I am certainly perplexed to hear that at this point in time, with our current technological advances, doctors are still requesting patients to bring all of their medications to hospital for the purpose of verification and updating into the "national electronic medical record system". This contrast is even greater given the fact that should AH not adopt this system, "patients would have to be interviewed on their medical history upon admission", and upon AH's initiation, "other healthcare institutions have adopted the system", suggest strongly the weaknesses inherent in our present medical systems.

For all one knows, MOH has launched an Electronic Medical Records Exchange (EMRX) in 2004, linking all restructured hospitals, polyclinics and national centres in the Singapore Health Services (SingHealth) and National Health Group (NGH) clusters.

While AH may not be in the loop of this information-sharing, it is still sad to see that hospitals and health institutions not releasing and sharing information among themselves; information which may be trivial for the doctors but vital for the patients as, in your report revealed, saved on the cost of medications and reduce complications in the course of examination.

While family members coming forward to declare all medications would be a positive move, complications can arise when patients whom are aged or disabled to communicate, or homeless and without family support aren't ready to fulfill this responsibility. Vital information is thus lost along the way, with more time and effort incurred for verification of past medical histories and records.

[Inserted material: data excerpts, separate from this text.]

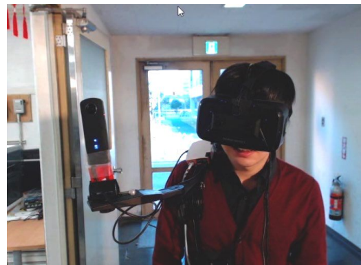
図 2: デバイスを装着した外出者

複数ユーザ対応にも自然に拡張できると思われるが、今後実装していく予定である。最終年度に実装したシステムの構成は図1の通りである。今回はアバタを表示するために外出側でもビデオ透過型HMDをOculusRiftおよびOvrvision PROを利用して実装した。外出側(移動者側)の映像はTHETA SをRaspberryPi2に接続して室内側(観察者側)に送る。外出側では室内側ユーザの動きが送られてくるのでそれが反映したアバタを外出側ユーザのビデオ透過型HMDに表示する。図2は、外出者がデバイスを装着した様子の写真である。一方、室内側ユーザの動きは頭部の動きをやはりOculusRiftのセンサーで取得し、手の動きはジェスチャ入力デバイスであるLeapMotionで取得する。これによ
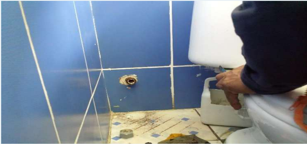
ANTES: Instalaciones sanitarias en mal estado
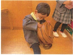
おたよりはさみ探し中.◎

This inevitably pushes the burden back onto the doctors and health institutions concerned.

MOH should step in and ensure that all healthcare institutions have access to patients' database built on a national level, leaving no doctor and hospital out of the loop. Where assessment of patients is concerned, doctors should rely on this database as the primary source of information, complementing with the physical declaration of past medications. This certainly reduces the man-hour required for verification of medicines, duplication of medicines issued and tests conducted, and increases the safety level where drug allergies are involved. At the end of the day, the overall operating costs for the institutions are lowered, with patients benefitting hugely from this simplified system as well.